Obtained by trimming a percent of the high and low ends of a distribution and finding the mean of the remaining distribution.

A trimmed mean in market research is a statistical average calculated by removing a specified percentage of extreme values (both high and low) from a data set. This method reduces the influence of outliers, providing a more reliable and representative measure of central tendency compared to the arithmetic mean.

How does trimmed mean work?

  1. Identify outliers: Determine the percentage of data points to exclude from both ends of the data set (e.g., 5% from the highest and lowest values).
  2. Remove extremes: Exclude the identified extreme values.
  3. Calculate the mean: Compute the average of the remaining data points.

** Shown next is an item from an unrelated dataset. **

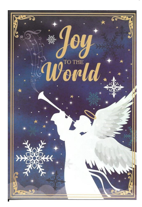
Rejoice in the miracle of Christmas And take comfort in His Peace and Grace Wishing you a blessed Christmas and a New Year full of PROMISE

The trimmed mean focuses on the central distribution of data. It mitigates the impact of anomalies or outliers and provides a balanced measure for skewed data sets.

Why is trimmed mean important?

Trimmed mean is crucial for analyzing data with outliers that could distort results. It offers a more accurate depiction of the typical or central value in a data set, ensuring that insights and decisions are based on reliable statistics.

Trimmed mean reduces the impact of extreme values that could skew analysis. It enhances the accuracy of data interpretation and provides a clearer understanding of typical consumer behaviors and preferences.

Who relies on trimmed mean?

Trimmed mean is used by:

  • Market researchers: To analyze data sets with potential outliers.
  • Statisticians: To ensure robust and unbiased statistical analysis.
  • Data analysts: To present accurate summaries of data trends.
  • Businesses: To make informed decisions based on reliable averages.

How does trimmed mean improve market research outcomes?

Trimmed mean increases reliability by producing averages that better represent the majority of the data. It minimizes skewness by reducing the influence of outliers or extreme values. Trimmed mean also supports robust insights by offering a clearer picture of trends and patterns within the central data distribution.